最も充実していて、最も有用なアドバイスは、前立腺がんチャリティから得た情報だったと結論

癌が見つかったと聞いた時には、言うまでもなくショックでした。それから泌尿器科医に、癌が前立腺以外にも広がっていないか確認するために、MRI検査と骨のスキャンを受けさせられました。それでも治療法に関して選択肢は二つしかないと言われました。一つは、前立腺切除という手っとり早い方法。もう一つは、確か12週間に渡って毎日受ける放射線療法でした。
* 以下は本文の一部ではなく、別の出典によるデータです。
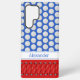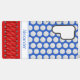 Golf balls create a bright polka dot pattern on a blue background on this phone case. There is also a white band with blue stripes for you to personalize with a name or other text. A further golf-themed pattern is created using golf clubs on a red background.
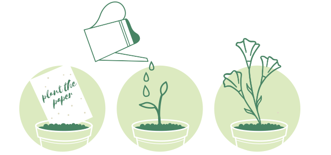 Once your plantable card begins to sprout, continue to keep the paper moist, being careful not to overwater. Once a plant appears, continue to water as needed. Remember each plant has different needs, but every plant will require some sunlight to grow.
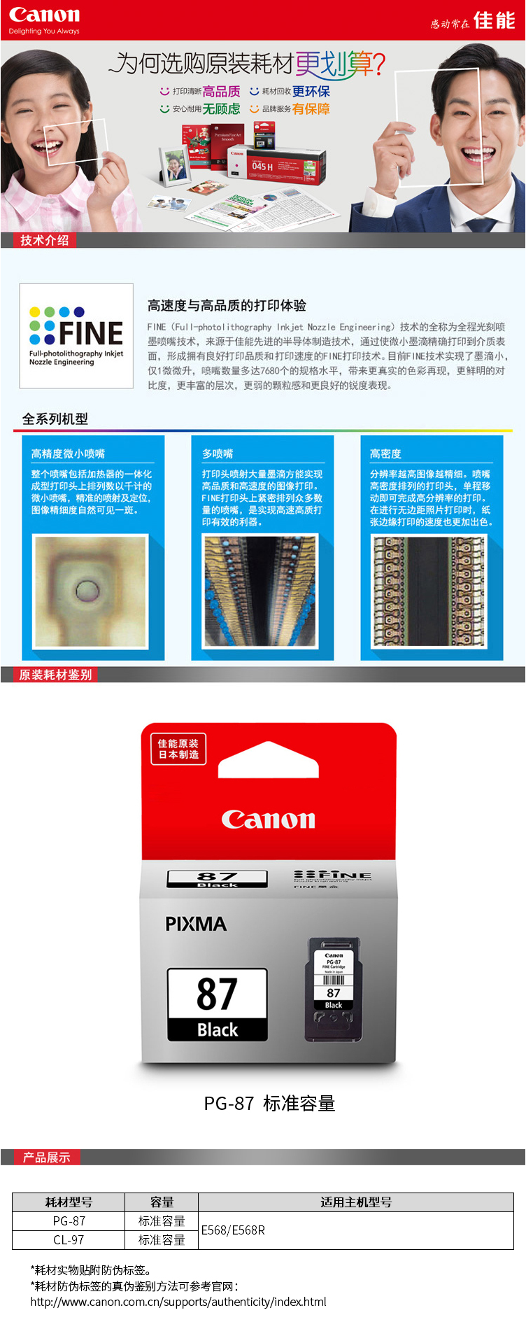 • 商品名稱:佳能(Canon) PG-87 黑色墨盒 打印量800頁 適用于E568、E568R
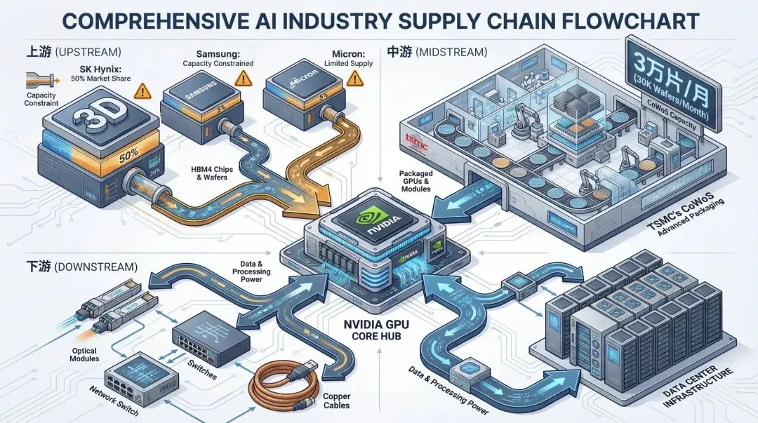 ⚠️ 关键瓶颈:由于 HBM4 的封装工艺复杂,产能扩张周期长达 18-24 个月,这将成为英伟达出货量的主要瓶颈。
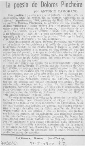 La poesía de Dolores Pincheira [artículo] / Antonio Zamorano. Noticias de Ultima Hora (Santiago, Chile)-- ene. 31, 1970, p. 2. .
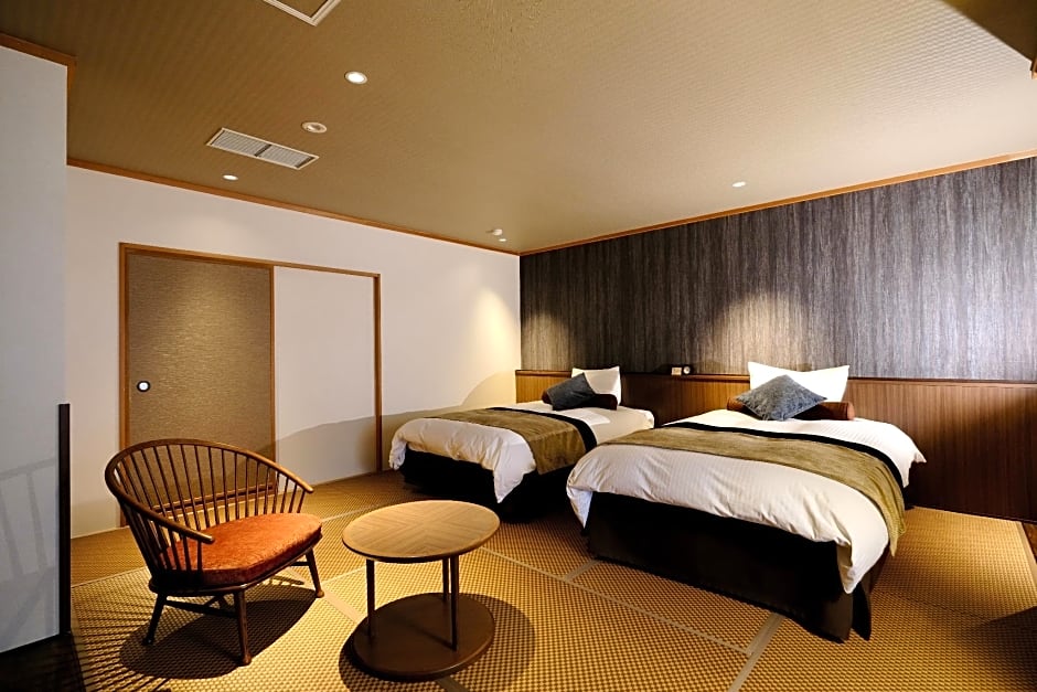 This spacious suite includes 1 living room, 1 separate bedroom and 1 bathroom with a bath and free toiletries. This suite is air-conditioned and has a seating area with a flat-screen TV, a safe deposit box, an electric kettle, yukata, as well as heating. The unit has 4 beds and 5 futons.
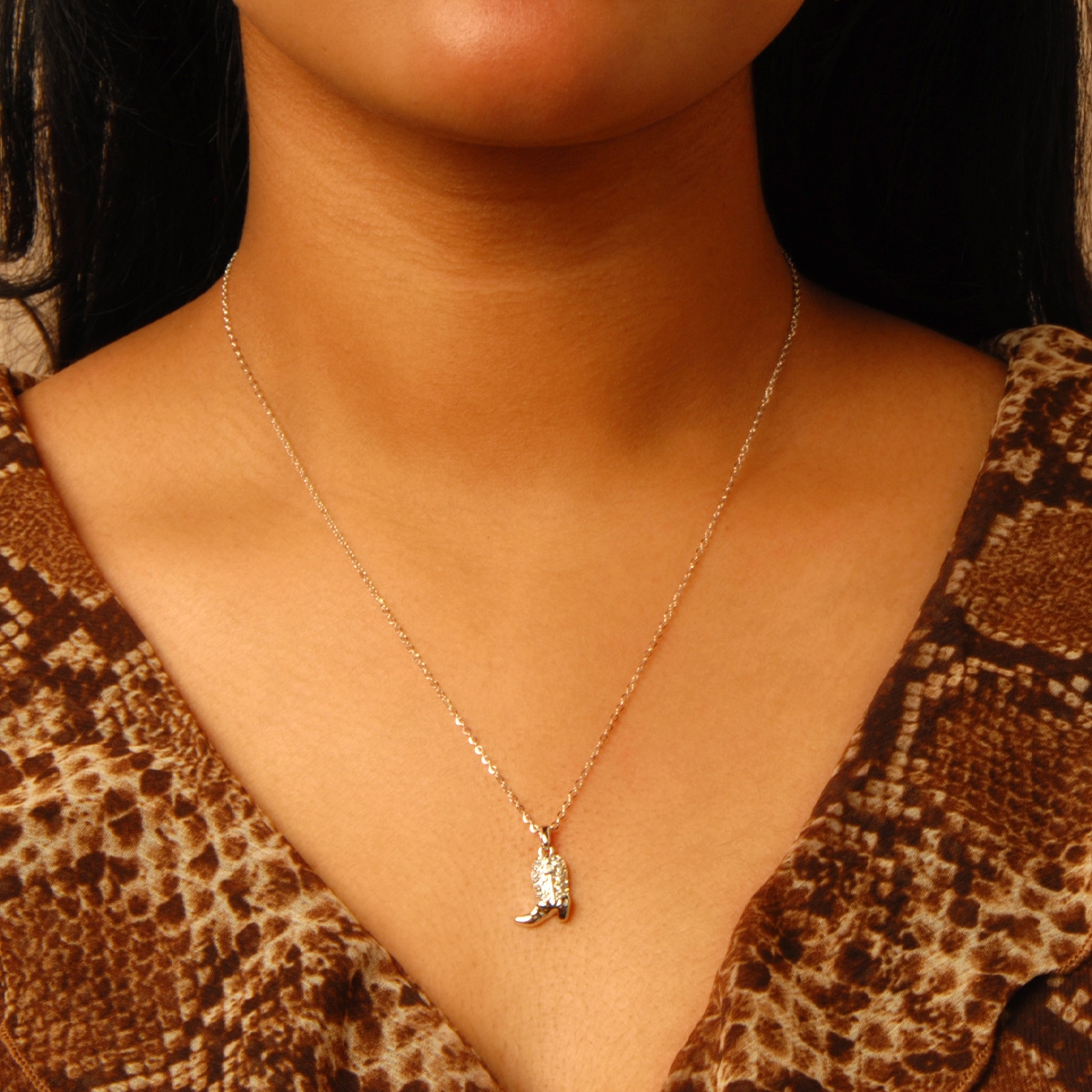 Fun and stylish with a flare for fashion, our playful "Cowgirl Sparkle" boot" pendant on a sleek designer chain is studded with Swarovski crystal to shimmer with your every move. Nickel and lead free jewellery.

彼は、小冊子を送ってくれると言ったんですが、1週間経っても来ないから、私と家内はできるだけ早く、自分たちであらゆる情報を集めようと決めたんです。インターネットを使える親戚や友人達が、治療法のリストが掲載してあるウェブサイトから助けになる情報のプリントアウトや、本を私に送ってくれるようになりました。そういったものは皆、様々な慈善電話相談窓口から手に入れることができます。最も豊富で有益な情報は、ロンドンのDu Cane Road にあるProstate Cancer Charity(前立腺癌慈善団体)から出されていて、各治療法や様々な副作用についての実例等記載書を出版しているんです。特に役に立ったのが、様々な治療を受けた人のリストで、治療の日にちや彼らの電話番号を知ることができました。つまり、実際に経験した人と電話で話すことができたんです。